In the event of your AMD Ryzen or EPYC system being randomly reset or unexpectedly rebooted under Linux, the Linux kernel with the upcoming Linux 6.16 cycle is gaining the ability to report the reason for that reset. This is making use of a technical capability found going back to the AMD Zen 1 processors that the Linux kernel is now tapping into for reporting the cause of any previous system reset.
AMD CPUs back to Family 17h (Zen 1) have a register that indicates the cause of the previous reset. The Linux kernel will now report at boot time to the dmesg the cause of any previous reset on AMD systems by decoding that AMD register.
The register can indicate if the system was reset due to a thermal pin being tripped, if the power button was pressed or shutdown pin shorted, if an internal CPU thermal limit was tripped, if software issued a PCI reset, if an internal CPU shutdown event occurred, a parity error caused the reset, or various other recognized events that could cause a “random reboot” to occur.
On boot written to the kernel log, there will be a line beginning with “x86/amd: Previous system reset reason ” followed by the decoded reason for the previous system reset.
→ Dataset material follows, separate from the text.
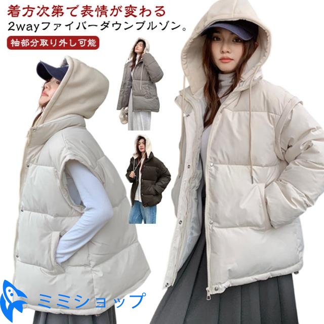 袖取り外し アウター 中綿ジャケット 2WAY レディース 中綿ベスト 中綿 オーバーサイズ フード付き スタンドカラーコート ダウンジャケット コート ダウンコート 秋 ファイバーダウン 袖取り外し 体型カバー 防寒 防風 暖かい

Quite a useful addition albeit surprising this wasn’t added before with the register being around since Zen 1.
This patch adding the capability to report the reason for the last reset on AMD hardware was queued into tip/tip.git’s x86/platform branch and thus material ready for the upcoming Linux 6.16 merge window. Also queuing by way of tip/tip.git is the AMD Zen debugging documentation guide that has been worked on the past number of weeks.